What are intraocular lenses and why do I need them for cataract surgery?
What is an intraocular lens?
An intraocular lens is a very small artificial lens that replaces the eyes natural crystalline lens when correcting patient’s cataracts. Remarkably, they were invented just after the second world war and since then they have evolved quite dramatically. These days intraocular lenses are usually made from a soft synthetic and highly biocompatible material. These micro lenses then offer patients a clear view of the world again and can correct multiple types of vision.
An intraocular lens (IOL lens for short) were specifically designed for patients who are experiencing cataracts and need to replace a natural lens that has become cloudy. The procedure is performed with just local anaesthesia and usually takes around 15 minutes to perform. An advantage to this procedure is that patients are also able to go home the same day. Although you won’t personally be able to drive yourself home the day of your surgery, however, after the procedure it won’t be long until you are legally allowed to drive again. The recovery time is minimal, with very little discomfort.
What types of intraocular lenses are available?
There are many types of intraocular lenses available. Most patients don’t realise that when having cataract surgery, there is the chance to not just rejuvenate their vision but also correct pre-existing vision disorders such as short-sight, long-sight, astigmatism and their dependence on reading glasses. The most common lenses are monofocal and provide clear vision at one distance so individuals will continue to need glasses.

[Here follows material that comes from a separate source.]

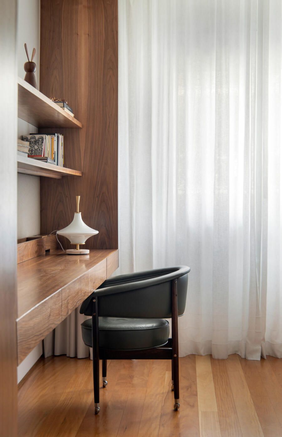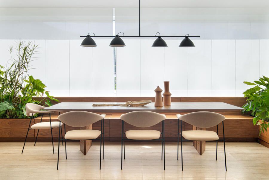 “Desde o início, os dois deixaram bem claro que queriam estar juntos o tempo todo quando estivessem em casa. Eles são grandes admiradores do design brasileiro e já possuíam muitas peças originais arrematadas em leilão.”

Another option to consider are enhanced or premium (multifocal) lenses. There is an extensive range of lenses that offer more than one point of vision and are designed to reduce the need for glasses to see at near, intermediate and distance vision.
All lens options are also available to correct astigmatism, if needed.
When it comes to selecting the correct intraocular lens for our patients, there are numerous clinical considerations to consider, so a rigorous examination is necessary that includes the latest scanning diagnostics. All patients of Vision Care Clinic will have a thorough examination with one of our Ophthalmologists. During the consultation process, we investigate an individual’s lifestyle so we can ascertain their vision needs, priorities and even aspirations. This includes considering their occupation, hobbies, driving and so on. We will also have a very detailed discussion around the vision requirements needed to live without glasses after surgery. We pride ourselves on our high level of personalised patient care.
What are the symptoms of cataracts?
It can be difficult when you are busy with everyday life to notice changes with your eyesight, and even more so if you don’t know what the signs are. As a helping hand we have put together what we suggest you look out for, if you think you may need cataract surgery:
- cloudy vision
- changes in colour vision
- increased glare while driving
- difficulty with reading, even with glasses
- glasses prescription changing with increased frequency
- double vision or ghosting of images (especially if only noticeable in one eye)
- progressive need for brighter light for reading
- recent struggle with vision at night and increased sensitivity to light.
As cataracts get worse, vision becomes cloudier, and you might notice worsening of the above symptoms. If you think you may be developing cataracts, you need a professional eye exam by your eye doctor, optician, or ophthalmologist. If your vision problems can be corrected to an acceptable level with glasses or contact lenses, surgery may be avoided at this time. If your vision loss cannot be corrected by the above measures and if this interferes with your daily activities such as driving, reading or watching television, then you may benefit from cataract surgery.
What causes cataracts?
The main cause of cataracts is a natural build-up of protein in the lens due to age. However, they can be present from birth or occur following eye injuries or eye surgery for other problems.
Why is the lens replaced in cataract surgery?
The natural accumulation of protein in the lens causes it to become cloudy and opacified. Currently, the only proven method of improving vision due to cataracts is surgery, where the cloudy and opacified natural lens is replaced with a clear artificial lens known as an intraocular lens.
What can you expect from cataract surgery?
At Vision Care Clinic, only consultant eye surgeons perform cataract surgery. A tiny opening is used to access the cataract and it is very gently broken up using ultrasound energy before being removed from the eye. The new intraocular lens is then implanted through the same opening. Sutures are only rarely required. The operation is usually performed under local anaesthetic using anaesthetic drops only. This means that only light pressure on the eye is felt during the surgery. A surgical drape partially covers the face and a bright light is focused on the cataract to help the surgeon operate. This means that patients only see this light. The entire operation lasts less than 15 minutes.
How long does it take to recover from cataract surgery?
Patients usually notice some improvement directly after cataract surgery. There will be some blurring of the vision and a mild gritty sensation for the first 24-48 hours, but this is just temporary. It may take a few days for eyes to adjust. Patients who have opted for multifocal lenses will have a period of neuro-adaption as their eyes will need to get used to their new multifocal vision.
Our patients are delighted by the bright, clear vision post-surgery. They often comment that they can’t believe how vivid colours appear again and that they hadn’t realised how much detail in their vision they had been missing.